A concluding section of Part Three addresses troubling questions about antisemitism and white supremacy in the United States at the time of the Holocaust and how much those factors inhibited federal action to save Jewish lives before and during World War II. It then looks at the degree to which a resurgence of those ugly prejudices today interferes with America being able to live up to its ideals.

Taken as a whole, the documentary leaves no doubt that the U.S. government did not do as much as it could have to save Jewish lives during the early Nazi years and World War II. Nor is there any question that antisemitism at many levels of society here and abroad, including within the U.S. government, contributed to those failures.

But the film also grants that the situation in the United States was more complicated at the time than some analysts now contend with the benefit of historical hindsight. Still, our country could have done more and should have done better. And in the future, we should know better.

Finally, I want to describe a moment in the last half of Part Three that caught me completely by surprise.

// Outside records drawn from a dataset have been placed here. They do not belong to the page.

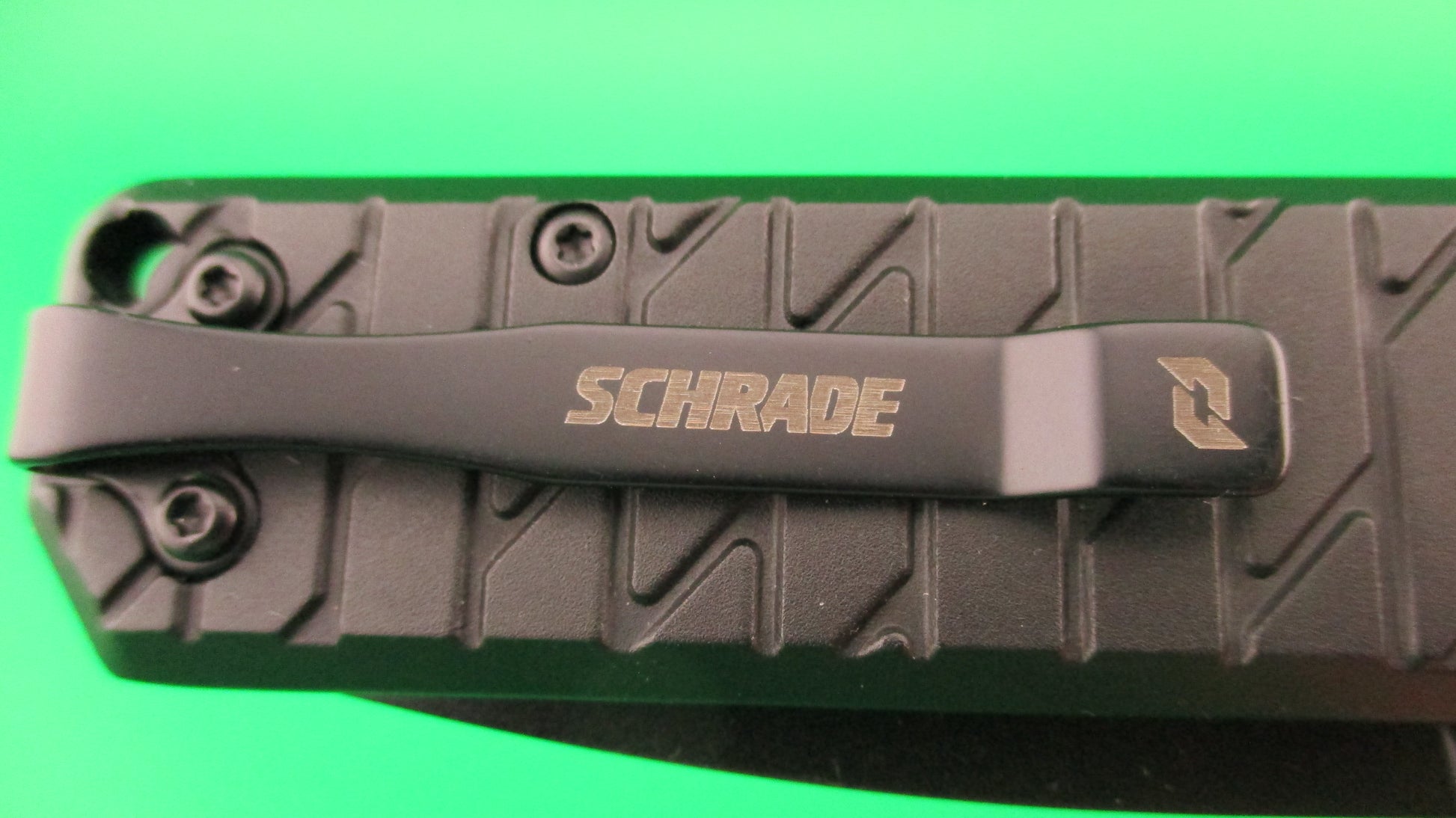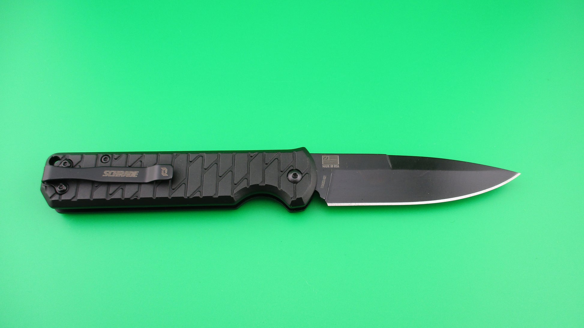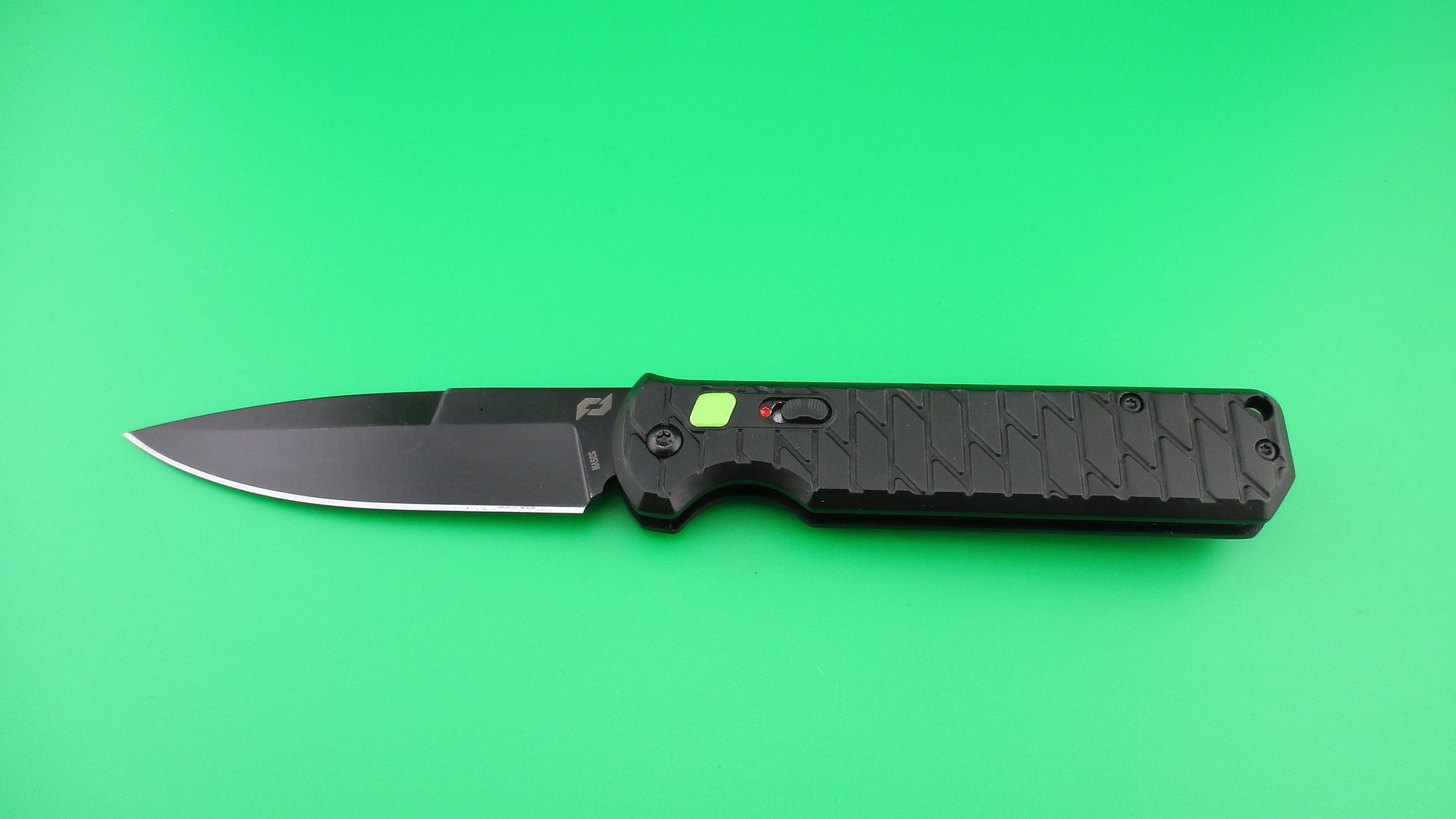 Prototype SCHRADE Alpha class ENTICE automatic folding knife with blade bayonet blade and Aluminum black frame and green button. I got this knife from the makers before these went into production a few years ago. They are now out of production and getting hard to find. Great quality knife! Strong snap and SOLID lockup! It measures 8 inches open and comes in the pouch that was provided by the makers. Safety works great. Like New!
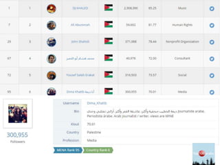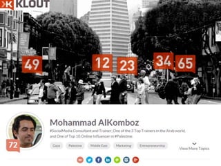 The document provides strategies for branding yourself online including creating a bio, conducting a SWOT analysis, and defining objectives and values. It discusses managing social media channels, developing a networking list, and using a content strategy where 90% of content is related to your field and 10% to other domains. The document also outlines standards for influencers including engagement, impressions, and reach. It identifies 4 levels of influencers from celebrities to friends and their relative reach and influence.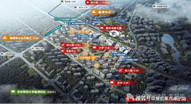 项目地处浦东新区南汇新城镇103片区,这里是临港“国际创新协同区”的核心承载区,定位为全球科创人才聚集地。从区位上看,玖海云天东临海港大道,西接规划中的中央绿轴,北望顶尖科学家社区,南连金融总部集聚区,真正实现了“出门即工作圈、归家即生态圈”。交通方面,距离地铁16号线滴水湖站约2.5公里,可通过公交接驳或骑行轻松抵达;而正在建设中的南汇支线(两港快线)将在103片区设站,预计2026年通车后,将实现临港至浦东机场、虹桥枢纽直达,极大提升区域通达性。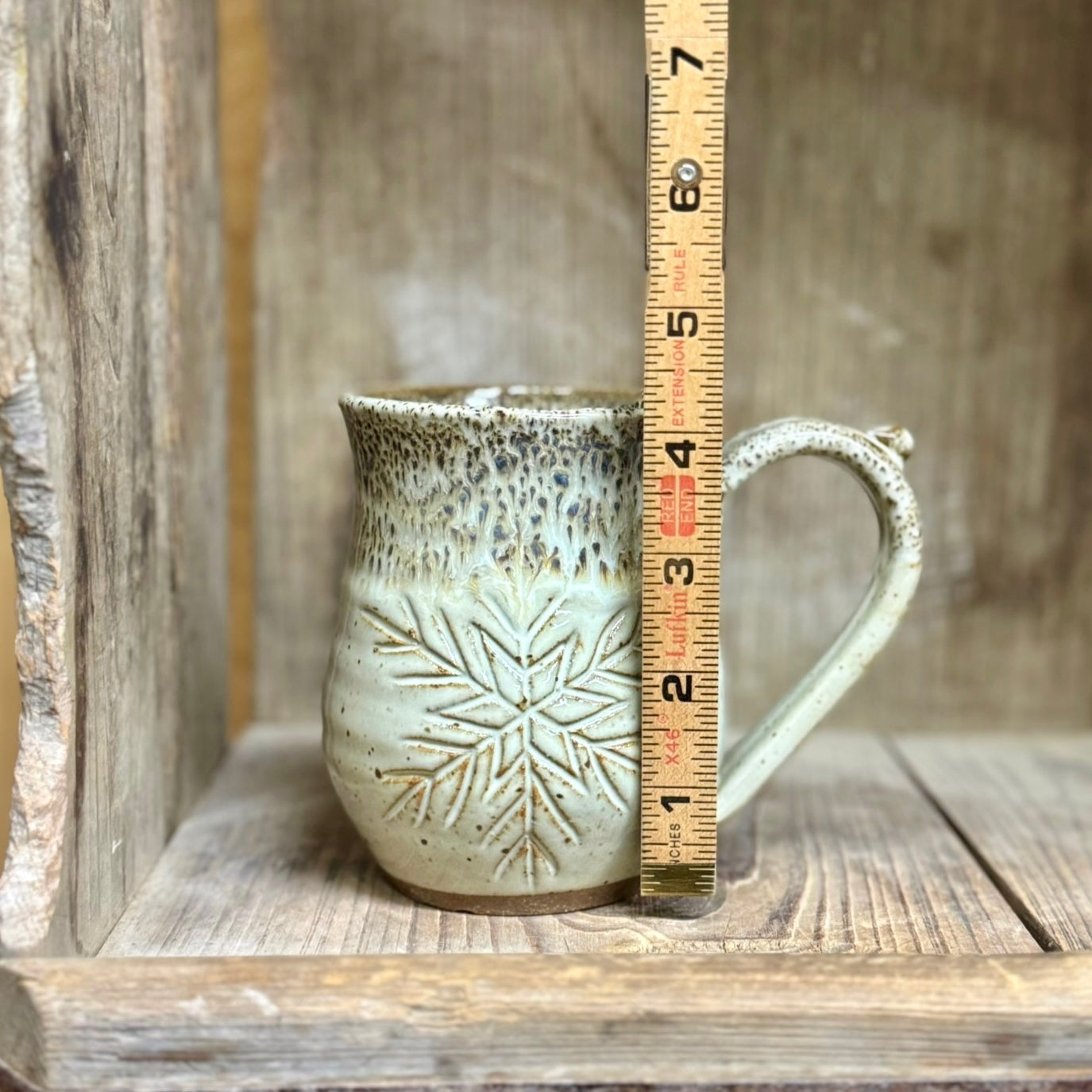 The much anticipated snowflake mug! Holds approximately 14 ounces and is microwave and dishwasher safe.

It is a piece of archival film from 1945 — rare for having its original sound. It records an event at the Dachau concentration camp sometime after its liberation by U.S. troops.

In the segment, a man stands on a wooden platform before a large group of liberated prisoners. Speaking into a microphone, he identifies himself as David Max Eichhorn, a U.S. Army Captain and also a rabbi. He holds in his arms a covered Torah scroll. Behind him is what appears to be a small, portable wooden ark.

He speaks briefly to the gathered men, affirming his gratitude for their presence and their survival and his respect for them.

And then he begins to sing to them in Hebrew. It is a familiar prayer, though I could not name it. The camera shifts to the men standing and listening, and you can see some of them moving their lips to the words.

Now, I am proud to be Jewish. I am proud of my Jewish family heritage. But I am not observant.

Nevertheless, when Rabbi/Capt. Eichhorn began to sing on the screen I was watching, I was overcome with tears and sobbing that continued until the segment ended. I had the same reaction when I watched the segment a second time. And, truth be told, I have had to fight back the same reaction as I type this account.

I can’t explain this, and I don’t want to try to analyze it. But it was not something I anticipated as I watched this six-hour documentary as I prepared to write about it.